Изменить размер шрифта - +
Только в последнем, окончательном — «Золотой теленок» — с полной ясностью отразилась идея романа. Власть золотого тельца кончилась в нашей стране. Магический «Сезам, отворись!», волшебные слова «Я заплачу сколько угодно!» потеряли свою силу. Золотой телец превратился в тихого, пугливого теленка.

И Бендер загрустил, сдался. Он впервые пообедал без водки и оставил чемодан в номере. А потом долго сидел на подоконнике, с интересом рассматривая обыкновенных прохожих, которые прыгали в автобус, как белки. Как должен был разрешиться этот кризис по логике жизни, по логике характера?

Роман был закончен, сдан в журнал «Тридцать дней», а Ильфа и Петрова все еще что-то не удовлетворяло в нем. Л. Митницкий, сотрудничавший тогда в «Рабочей газете» (на ее страницах выступал и Евгений Петров), вспоминает, как Петров ходил мрачный и жаловался, что «великого комбинатора» не понимают, что они не намеревались его поэтизировать. Роман уже печатался, когда авторы снова вернулись к нему, чтобы решительно переделать концовку. Была снята последняя, 35-я глава и вместо нее дописаны две другие. Образ «великого комбинатора» приобрел некоторые новые штрихи, а в связи с этим неуловимо изменилось все освещение его фигуры.

Первый вариант концовки «Золотого теленка» сохранился. Остап смирился здесь, окончательно признав поражение золотого тельца, которому он так верно, так долго служил.

«— Мне тридцать три года, — грустно говорит он Зосе, — возраст Исуса Христа. А что я сделал до сих пор? Учения я не создал, учеников разбазарил, мертвого не воскресил.

— Вы еще воскресите мертвого, — воскликнула Зося, смеясь.

— Нет, — сказал Остап, — не выйдет. Я всю жизнь пытался это сделать, но не смог. Придется переквалифицироваться в управдомы».

С таким остроумием и изобретательностью добытый миллион ушел по адресу: «Ценная. Москва. Наркому финансов». Остап женился на любимой и по-прежнему любящей его Зосе. И когда они стоят — он, так и не купивший второй шубы, в продуваемом ветром макинтоше, и она, в своем шершавом пальтеце короче платья и беретике с детским помпоном, только что вышедшие из загса, — читателю становится жаль этого стяжателя-бессребреника, бескорыстного рыцаря золотого тельца, и осуждать его или иронизировать над ним больше не хочется.

Нельзя сказать, чтобы в этой концовке совершенно не было логики.
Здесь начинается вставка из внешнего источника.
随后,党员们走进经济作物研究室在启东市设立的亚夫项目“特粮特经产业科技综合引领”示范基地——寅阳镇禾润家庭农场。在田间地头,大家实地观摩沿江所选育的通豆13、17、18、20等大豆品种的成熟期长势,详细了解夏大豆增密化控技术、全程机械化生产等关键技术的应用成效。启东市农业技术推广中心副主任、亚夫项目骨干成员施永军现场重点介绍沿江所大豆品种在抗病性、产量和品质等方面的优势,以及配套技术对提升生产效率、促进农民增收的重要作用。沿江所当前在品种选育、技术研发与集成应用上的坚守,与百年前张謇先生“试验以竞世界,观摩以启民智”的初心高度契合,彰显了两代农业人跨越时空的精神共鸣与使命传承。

Очищающий огонь революции переплавлял и не таких людей, как Бендер. А. В. Луначарский писал, что реально, возможно, хотя и трудно, Ильфу и Петрову, если они задумают третий роман, привести Бендера в ряды строителей социализма. Сами сатирики, посетив в 1933 г. Беломорско-Балтийский канал, писали: «Мы увидели своего героя и множество людей куда более опасных в прошлом, чем он. И всего только за полтора года великого строительства канала они совершили тот путь, о котором автор никак не рискнул бы начать рассказ, не написав предварительно: „Прошло двадцать лет…“».

Но тот ракурс, в котором дали Ильф и Петров своего героя в новых заключительных главах, помог сделать этот образ резче, убедительней и обобщенней. Новым поворотом действия ему придано больше жесткости и непримиримости, а в связи с этим более жестким и непримиримым стало отношение к нему авторов.
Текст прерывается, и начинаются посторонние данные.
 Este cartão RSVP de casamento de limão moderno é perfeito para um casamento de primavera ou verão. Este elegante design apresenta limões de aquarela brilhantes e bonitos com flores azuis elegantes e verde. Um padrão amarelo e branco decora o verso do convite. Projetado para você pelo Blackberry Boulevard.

Остап может сделать такой жест — оставить чемодан с миллионом на четверть часа или даже отправить его наркому финансов. Он склонен к картинным поступкам, это в его характере — созвать на банкет весь поезд или подарить китайскую вазу номерному. Но отправить деньги всерьез, отказаться всерьез от миллиона — для него невозможно. Он мгновенно спохватится: «Тоже, апостол Павел нашелся, — шептал он, перепрыгивая через клумбы городского сада.